5 Denken, 5.1 (schwache) zentrale Kohärenz


Einführung:



Zentrale Kohärenz beschreibt als Oberbegriff die Fähigkeit

gestaltmäßig wahrzunehmen

kontextbezogen wahrzunehmen und zu denken

einen „roten Faden“ zu finden

Zusammenhänge zu erkennen und Ideen sinnvoll zu verknüpfen



Die Theorie der schwachen zentralen Kohärenz geht als allgemeines Erklärungsmodell für Autismus auf Uta Frith 1989 zurück. In dieser Theorie wird autistisches Erleben und Verhalten auf einen grundsätzlich anderen Wahrnehmungs- und Denkstil bzw. eine andere Art der Informationsverarbeitung zurückgeführt.



Autistischen Menschen gelingt es demzufolge nur eingeschränkt, ganzheitlich wahrzunehmen und Bedeutungszusammenhänge herzustellen. Stattdessen haben sie eher Stärken bei der detailorientierten Erfassung und Verarbeitung von Informationen. Menschen mit neurotypischer Informationsverarbeitung können (im Idealfall) bereits bei der Wahrnehmung Objekte und Phänomene aller Art kategorisieren und je nach situativem Kontext flexibel und intuitiv einordnen. Dadurch gelingt es ihnen leicht, Zusammenhänge zu erkennen und Erkenntnis- und Entscheidungsprozesse dem jeweiligen Kontext anzupassen.

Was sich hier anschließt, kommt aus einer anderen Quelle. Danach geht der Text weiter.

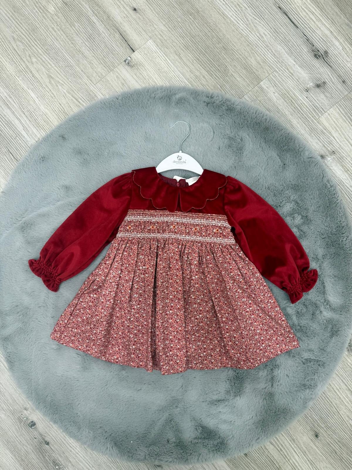 Abito Bimba Rosso e Fantasia Floreale – Eleganza Classica e Dettagli Ricercati Deolinda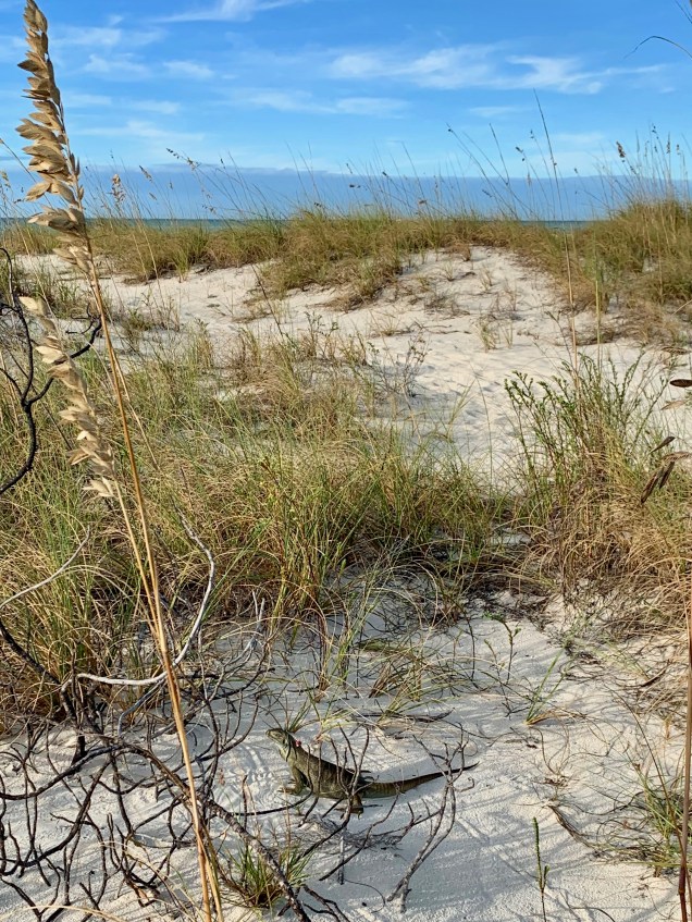 Assuming it’s one of the area’s lovelier public beaches, with plenty of shaded spaces to suntan and relax along with a bar/grill where we dined on lobster, grouper ceviche and frozen cocktails for lunch.

Bei schwacher zentraler Kohärenz besteht eher die Tendenz zu einer gewissen „Kontextblindheit“ mit Schwierigkeiten, angemessen zu abstrahieren und Wesentliches von Unwesentlichem zu unterscheiden. Dafür werden Details und Verbindungen erkannt, die bei starker zentraler Kohärenz leicht übersehen oder vernachlässigt werden.

Auch ohne den Anspruch zu erheben, das gesamte Autismus-Phänomen mit der Theorie der schwachen zentralen Kohärenz erklären zu wollen, finden sich in den Biographien autistischer Autoren zahlreiche Hinweise auf diesen „anderen kognitiven Stil“.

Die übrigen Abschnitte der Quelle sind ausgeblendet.